In my case, on a dull afternoon, instead of being satisfied with moving my thumbs, I decided to tap my phone. I had just seen the trailer of Gurmeet Ram Rahim Singh Insan’s ‘Messenger of God’ and heard the iconic song, ‘Tum love charger ho, araboon battery jab neech jaati hai toh pyaar se charge ho jaate ho.’ I started asking people to come with me to catch the first show, on the first day of this cinematic outing, while also urging them to wear T-shirts emblazoned with Love Charger’s face, which at that time could be bought online for Rs 375. Could have done. A lot of people wrote back to me saying that they would come to watch the film with me. Then Dera Sacha Sauda members started approaching me to meet Ram Rahim as I was a big fan. The climax of this disastrous story was when my beleaguered companions, who had never met, or for that matter talked about, Ram Rahim, were questioned by a task force about our connection to ‘God’. He claimed that my tweets showed that I was clearly a devout follower.

On the other hand, boredom at one point, (before the advent of smartphones where I used to idle for hours scrolling through airport looks) also made me take up the arduous task of jogging with my co-actor. More receptive, which eventually led to marriage and two children with slightly more athletic genes. Psychologist Sandy Mann says, ‘Boredom is a search for nervous stimulation that is not satisfied.’ She further says that if there is no opportunity to receive that stimulus the mind must go inward.

This is probably why most of us get our best ideas while in the shower.
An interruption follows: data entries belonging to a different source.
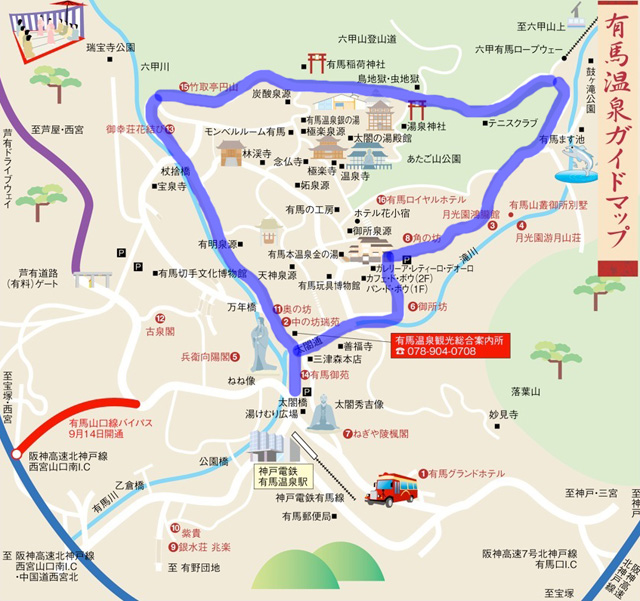 「有馬温泉」での駐車場選びのポイントは、温泉街の上に停めるか、下に停めるかにある。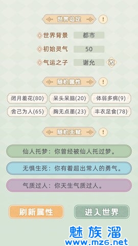 【随机世界】每次穿越都是一个新的小世界,世界背景、气运之子、属性、天赋、人设性格都为随机生成的。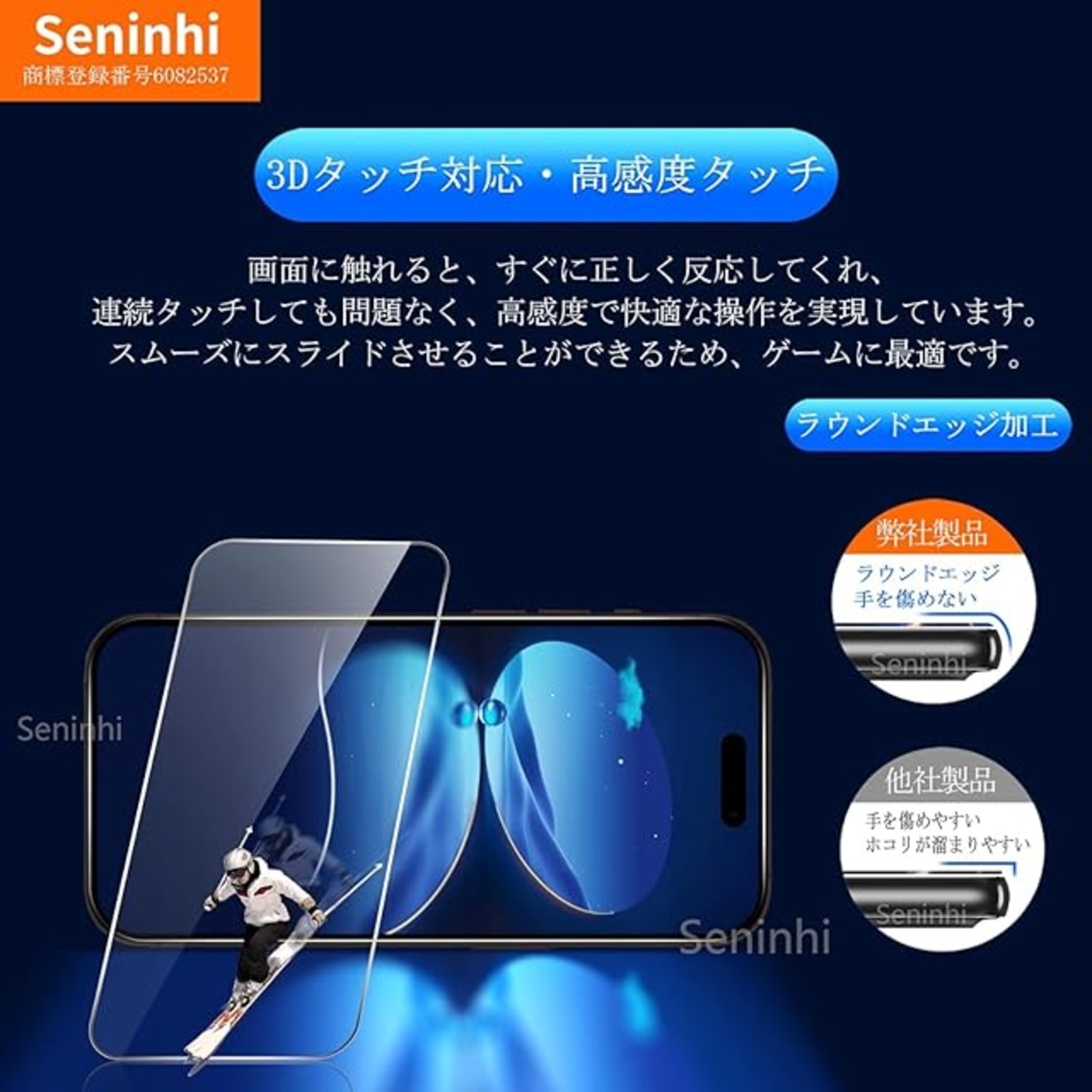 【指紋防止・高感度タッチ】 この iphone 15Proガラス フィルム は高耐久の撥油コーティングを使っており、滑らかなタッチ感を実現しました!そしてガラスフィルムに撥油コーティングを加工しており、指紋、汚れ、油、水などがスクリーンに付いても軽く拭くだけできれいになります。滑らかな操作体験を実現しました。当社のガラスフィルムは、通常の製品よりも滑らかな感触を備えて、感度が高く、快適に操作でき、ゲームなどのアプリケーションにとても適します。

During monotonous tasks, where there are no distractions, the brain takes in all the fragmented thoughts in our subconscious and makes connections. This often leads to epiphanies, where like Archimedes we feel like stepping out of the bath, damp and naked, screaming ‘Eureka’ at the top of our lungs.
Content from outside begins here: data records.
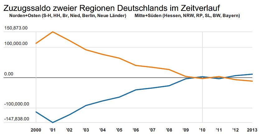 Jede Umzugsentscheidung wird individuell getroffen ohne Rücksicht auf die Entscheidung anderer. Im Zeitverlauf gibt es immer weniger Umzugsentscheidungen Richtung Mitte und Süden Deutschlands, erklärt Lutz Hafkemeyer, Geschäftsführer der Agentur. Für eine Beurteilung der zukünftigen Entwicklung sei somit lediglich der Trend entscheidend.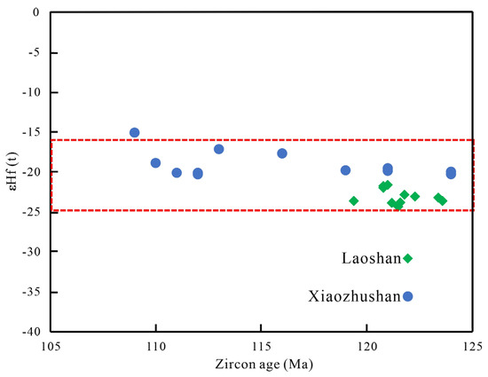 Zircon Hf isotopic analyses provide key constraints on magma sources [46]. In situ Hf isotope analysis was conducted on 12 high-concordance zircon spots from the Xiaozhushan samples (Table S6). The 176Hf/177Hf ratios ranged from 0.00159 to 0.00463, all below 0.002, indicating minimal radiogenic Hf accumulation post-crystallization. Thus, the measured 176Lu/177Hf ratios reflect the values observed during zircon formation. The initial 176Hf/177Hf ratios for the granite porphyry (116.4 ± 3.6 Ma) ranged from 0.2821 to 0.2822 (avg. 0.2821), with εHf(t) values of −15.071 to −20.288 (avg. −19.046; Figure 7). The first-stage (TDM1) and second-stage (TDM2) Hf model ages were 1.44–1.72 Ga and 2.12–2.46 Ga (avg. 2.38 Ga), respectively. For the Laoshan samples, 11 spots were analyzed (Table S6). The 176Hf/177Hf ratios ranged from 0.0017 to 0.0025, also indicating negligible radiogenic Hf accumulation. The initial 176Hf/177Hf ratios for the granites (121.78 ± 0.61 Ma) ranged from 0.28201 to 0.28208 (avg. 0.28205), with εHf(t) values of −21.625 to −24.333 (avg. −23.123; Figure 6), suggesting an ancient crustal magma source. The TDM1 and TDM2 model ages were 1.67–1.79 Ga and 2.53–2.69 Ga (avg. 2.61 Ga), respectively.
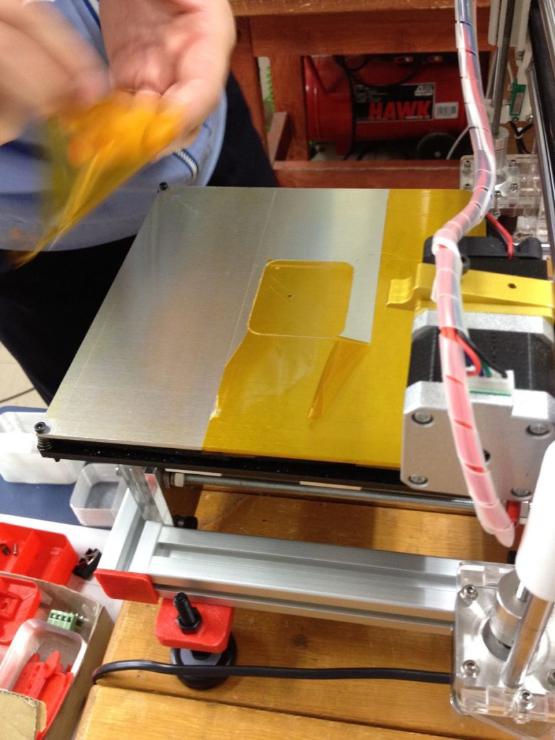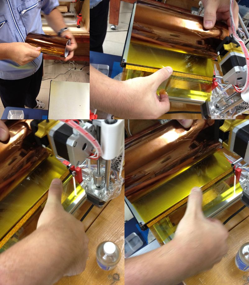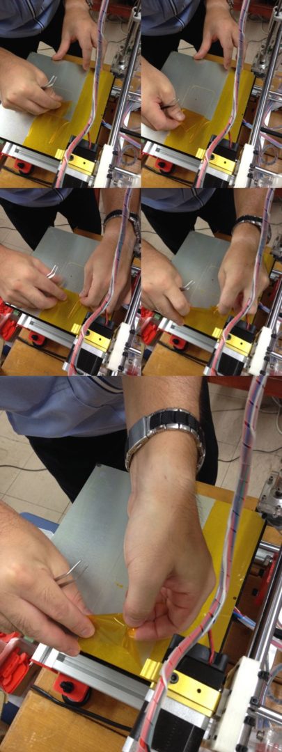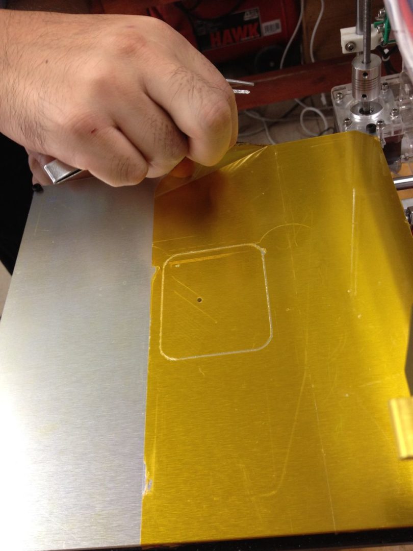 この3Dプリンタ導入時付属の耐熱テープを3分割して貼っていたので、まずひとつ目の耐熱テープ領域を剥離しました。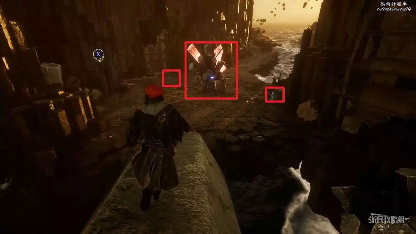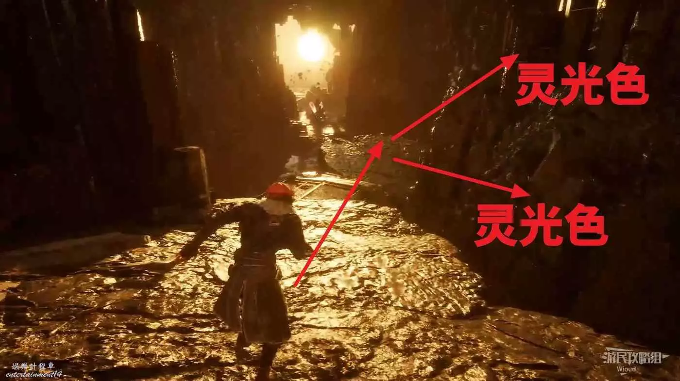 面對前方BOSS往右看,有個鉤爪點,跳過去走到頭也是【靈光色】,回到下圖位置往前走

I’m not advocating hour-long showers where our skin turns from grapes to raisins and we deplete the planet’s natural resources. We don’t need to lock ourselves in a hotel room or buy round trip tickets to Thiruvananthapuram to get some deep thought in our mind. Or refuse to watch any content at all, for that matter: how are we going to watch that banned BBC documentary, Rahul Gandhi flying training and all our favorite cat videos?
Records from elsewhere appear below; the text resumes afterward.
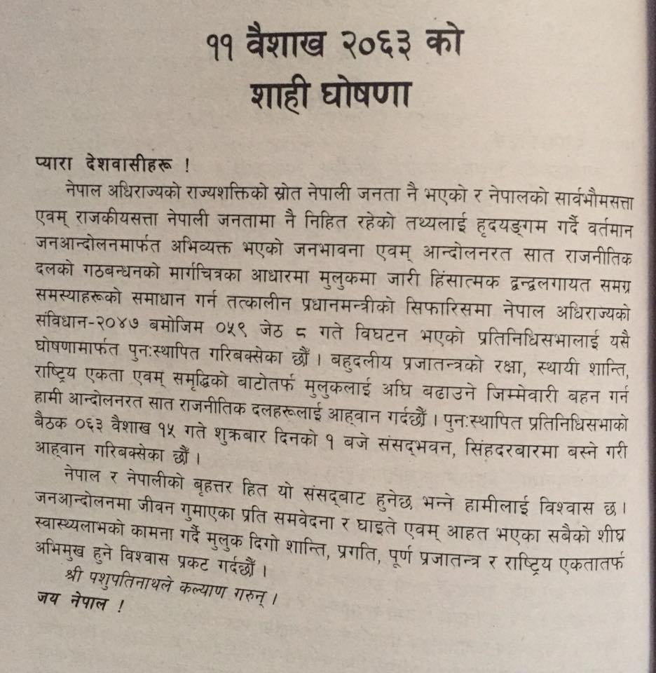 लोकतन्त्र फर्काउने यस्तो थियो ज्ञानेन्द्रको घोषणा (पूर्णपाठ)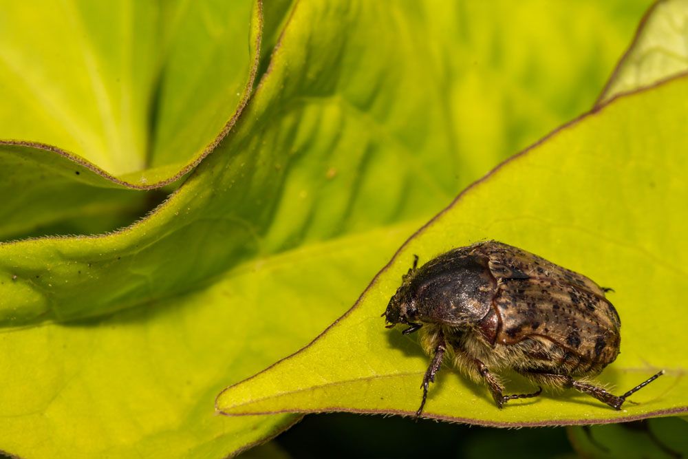 Appearance: These are roughly oval beetles that are 12-15 mm in length. The hue ranges from yellow-brown to dark reddish brown in general. The body is patterned with dark dots and is heavily coated in yellowish-brown hairs. Adults are powerful fliers that may generate an audible buzzing noise when flying.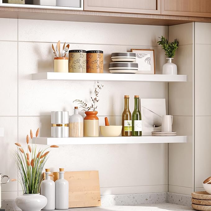 - Exquisite Wall Surface Decoration: Two classic and elegant white wooden shelves can be placed on each wall surface of all household rooms. This floating shelf for room wall is not only for its decoration effect, but also for this wall shelves high practicality. It is an ideal place to display your beloved photos, trophies and other delicate ecorations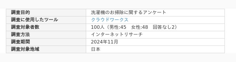 おうちにプロでは、洗濯機のお掃除にお悩みの方により有益な情報を提供するために、「洗濯機のお掃除に関するアンケート」を実施しました。アンケート調査の概要は以下の通りです。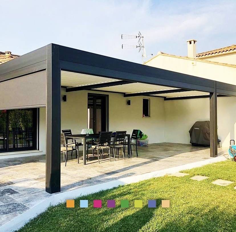 La couleur du store est accordée à la structure de la pergola. Mais vous pouvez choisir selon vos goûts et vos envies la couleur de toile que vous souhaitez !

I’m merely suggesting that we spend a few moments each day embracing our boredom. Giving it your undivided attention, as if it’s a loved one instead of someone else’s whining baby that we want to pass on as soon as possible.

Experts suggest switching off for short periods every day. Doing monotonous tasks like ironing clothes without podcasts playing in our ears. Taking long walks without talking on the phone. Let our bored minds say, ‘Well, here we are, sitting with time in a bucket of soapy water and there’s nobody else to blow it into rainbow bubbles, so let’s do it ourselves.’ Boredom is when leisure meets laziness in the way of a cushy couch with a bag of chips. If we keep these two people away from each other, our mind is free to float along and present a range of insights and thoughts. And if left to our own devices instead of those patented by Apple, boredom could lead to true love instead of a fixed love charger.



The views expressed above are the author’s own.